Re: [PATCH] mm,oom: use ALLOC_OOM for OOM victim's last second allocation

Tetsuo Handa <penguin-kernel@xxxxxxxxxxxxxxxxxxx> · Sat, 23 Dec 2017 23:41:44 +0900

Michal Hocko wrote:
> On Fri 22-12-17 00:34:05, Tetsuo Handa wrote:
> > Michal Hocko wrote:
> [...]
> > >                                   Let me repeat something I've said a
> > > long ago. We do not optimize for corner cases. We want to survive but if
> > > an alternative is to kill another task then we can live with that.
> > >  
> > 
> > Setting MMF_OOM_SKIP before all OOM-killed threads try memory reserves
> > leads to needlessly selecting more OOM victims.
> > 
> > Unless any OOM-killed thread fails to satisfy allocation even with ALLOC_OOM,
> > no OOM-killed thread needs to select more OOM victims. Commit 696453e66630ad45
> > ("mm, oom: task_will_free_mem should skip oom_reaped tasks") obviously broke
> > it, which is exactly a regression.
> 
> You are trying to fix a completely artificial case. Or do you have any
> example of an application which uses CLONE_VM without sharing signals?

Your response is an invalid and insane resistance.

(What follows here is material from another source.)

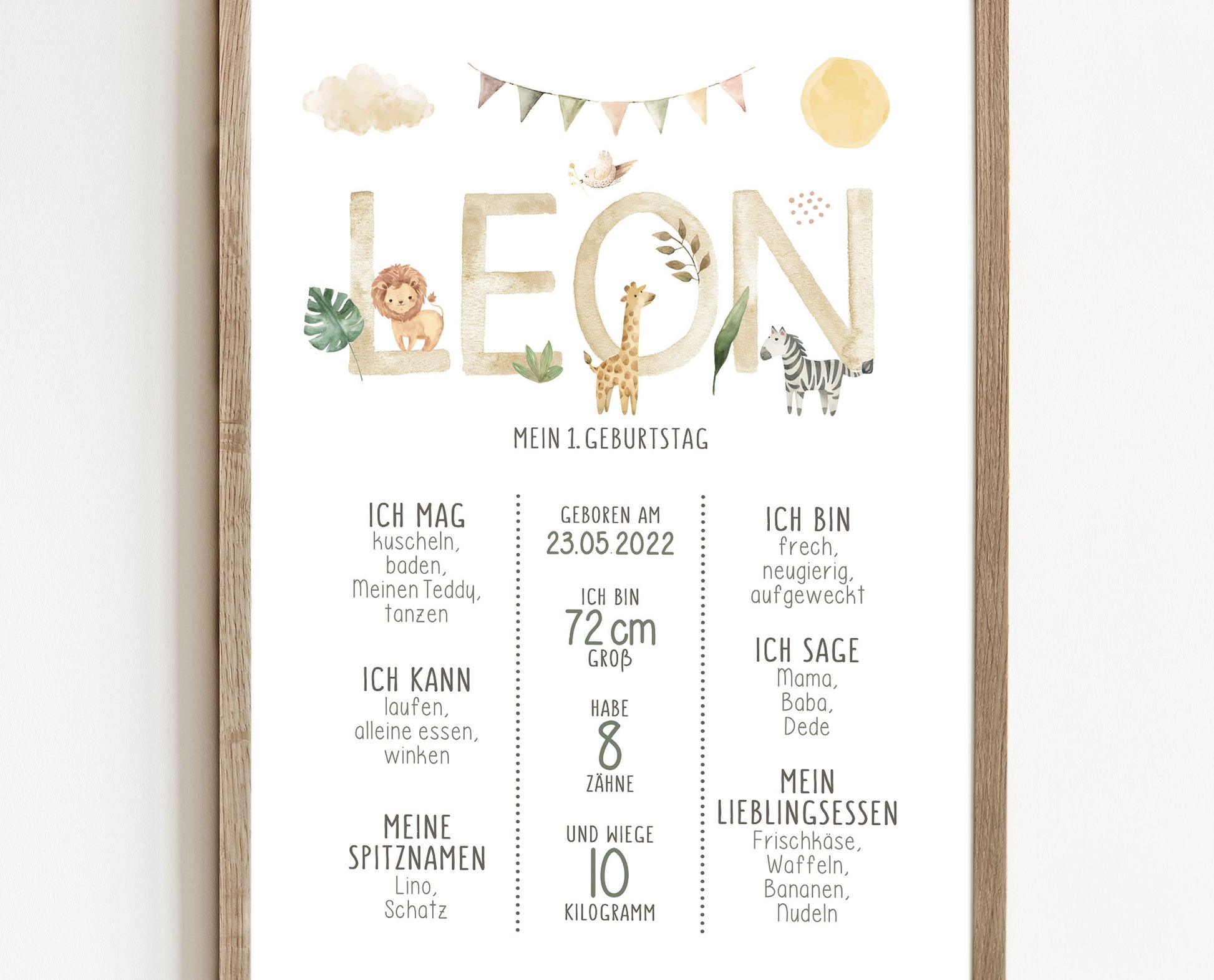 Diese personalisierte Meilensteintafel mit Safari Tieren ist ein tolles Geschenk zum 1. Geburtstag und ist eine wundervolle Erinnerung, da alle wichtigen Daten festgehalten werden.

You dare to silently made user visible changes. If you really believe that
there is no application which uses CLONE_VM without sharing signals, let's
revert below patch.

----------
commit 44a70adec910d6929689e42b6e5cee5b7d202d20
Author: Michal Hocko <mhocko@xxxxxxxx>
Date:   Thu Jul 28 15:44:43 2016 -0700

    mm, oom_adj: make sure processes sharing mm have same view of oom_score_adj

    oom_score_adj is shared for the thread groups (via struct signal) but this
    is not sufficient to cover processes sharing mm (CLONE_VM without
    CLONE_SIGHAND) and so we can easily end up in a situation when some
    processes update their oom_score_adj and confuse the oom killer.  In the
    worst case some of those processes might hide from the oom killer
    altogether via OOM_SCORE_ADJ_MIN while others are eligible.  OOM killer
    would then pick up those eligible but won't be allowed to kill others
    sharing the same mm so the mm wouldn't release the mm and so the memory.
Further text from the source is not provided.